Conventions for Authors & Writers 101
When individuals think about conventions, commonly known as Cons, a myriad of images may cross their minds – themed costumes, appearances by notable figures, late-night revelries, and parades, to name a few. However, Cons can prove to be exceedingly advantageous for authors, writers, and avid readers alike.
My perpetual quest as the author of several epic fantasy series is to discover novel and more effective ways to connect with potential readers and even sell a few books. Who am I kidding? I want to sell thousands of books! Yet, despite having friends who are ardent Con enthusiasts, I had never considered attending such events. While I like dressing up, the thought of investing money in tickets and accommodations for a weekend of frolicking through various hotels had never appealed to me. Now, I regret not exploring this avenue sooner!

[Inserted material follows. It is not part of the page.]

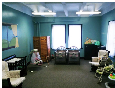
(b) New Nursery Room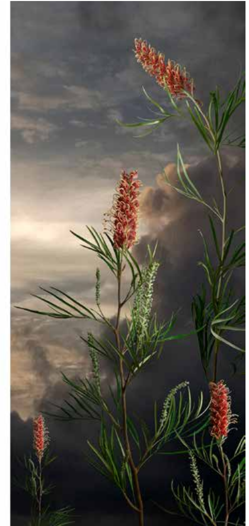
IMAGE > Valerie Sparks, Sanctuary Protea and Sanctuary Grevillea , 2020, inkjet print, 170 x 75cm each.

Depending on their themes and focuses, Cons can offer immense benefits for authors and writers. My debut experience unfolded at DragonCon in Atlanta, Georgia, over a Labor Day weekend – a five-day extravaganza that seemed daunting at first but offered a wealth of opportunities. In my first year, I was lucky to have a friend invite me to be a panelist, and that was an eye-opening experience.
In my second year, I applied for Dragon Con’s Professional Status, which made me eligible to be a speaker. While not a high-profile guest, being accepted allowed me to choose panels aligned with my interests and knowledge. Connecting with the directors of various fields, known as Tracks, I participated in four panels out of the five offered as two were overlapping timeslots. The experience was nothing short of amazing.
So, how can being a panelist help sell books?
1. Exposure, Exposure, Exposure!
· Your name reaches a new audience and attendees love meeting and speaking with the authors.
· You might be able to display your books, business cards, or bookmarks during and after your talk.
· Use QR codes for "Buy Links" and direct interested individuals to your newsletter.
But what if public speaking isn't your forte? Fear not; there are alternative options.
Find out if the Con has a market or rents booth spaces. Typically, these run the entire length of the Convention. Although your presence is usually required, some authors have friends or family cover shifts. However, rental fees may be costly, and if you are limited in number and titles, this might not be economical. Always ask if the Con will allow you to share a booth with another author and split the costs. Although I have yet to do this, authors who have a variety of titles and/or are able to share a space rave about their sales.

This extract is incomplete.